(Assigned task):
For this exercise, output exactly the lines from the opening line of the listing through the line with "In this elegant", skipping pictures.

(Dataset extract):
————

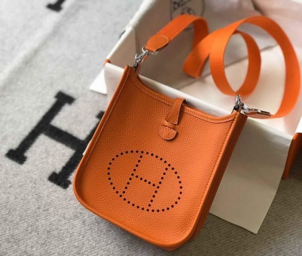 Replica Hermes Evelyne Bag Hermes Mini Crossbody Bag 20405 Silver Buckle Orange
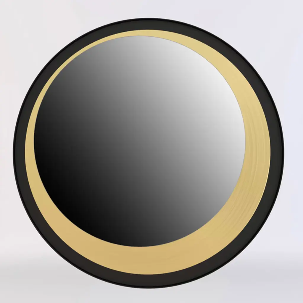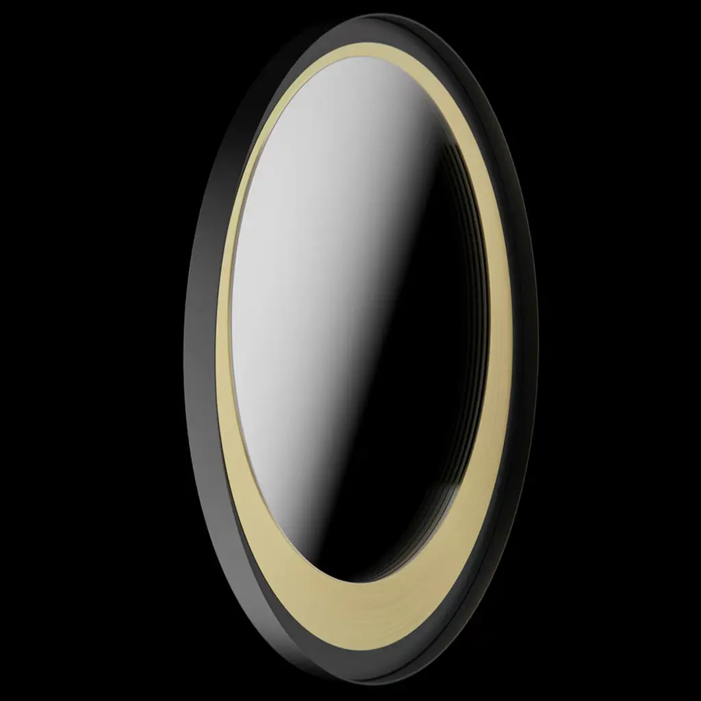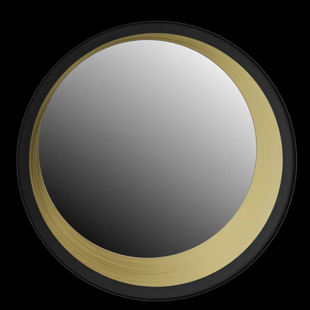 In this elegant wall mirror, a single round metal sheet finished in black frames a second round metal insert that contains the mirror. This striking overlap results in an iconic design that can be displayed in four different ways, thanks to the four hanging points on the back of the mirror.
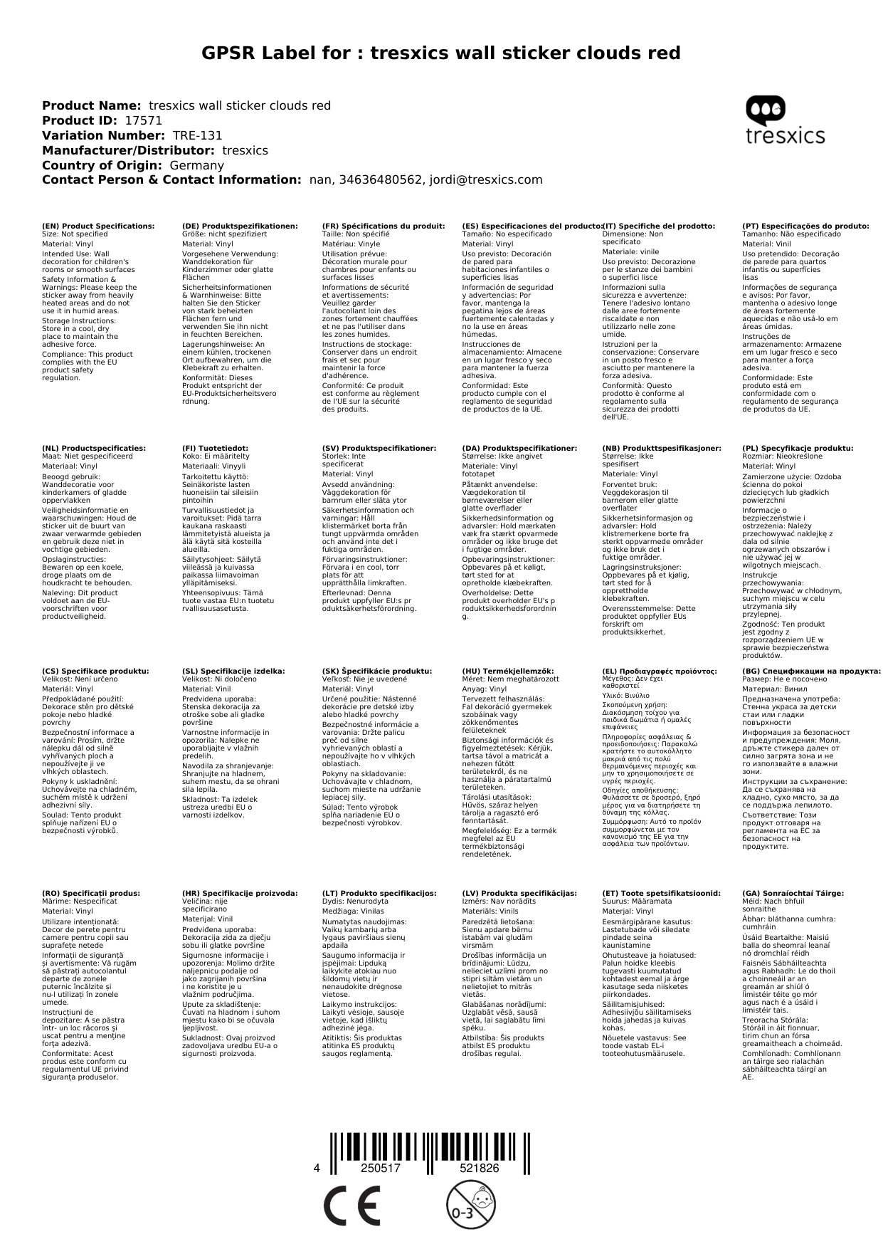 Die Wandsticker bestellen wir zeitnah in Spanien, falls sie nicht bei uns lagernd sein sollten. Die Lieferzeit sehen Sie weiter oben neben den Fotos.

————

(Response):
 Replica Hermes Evelyne Bag Hermes Mini Crossbody Bag 20405 Silver Buckle Orange
 In this elegant wall mirror, a single round metal sheet finished in black frames a second round metal insert that contains the mirror. This striking overlap results in an iconic design that can be displayed in four different ways, thanks to the four hanging points on the back of the mirror.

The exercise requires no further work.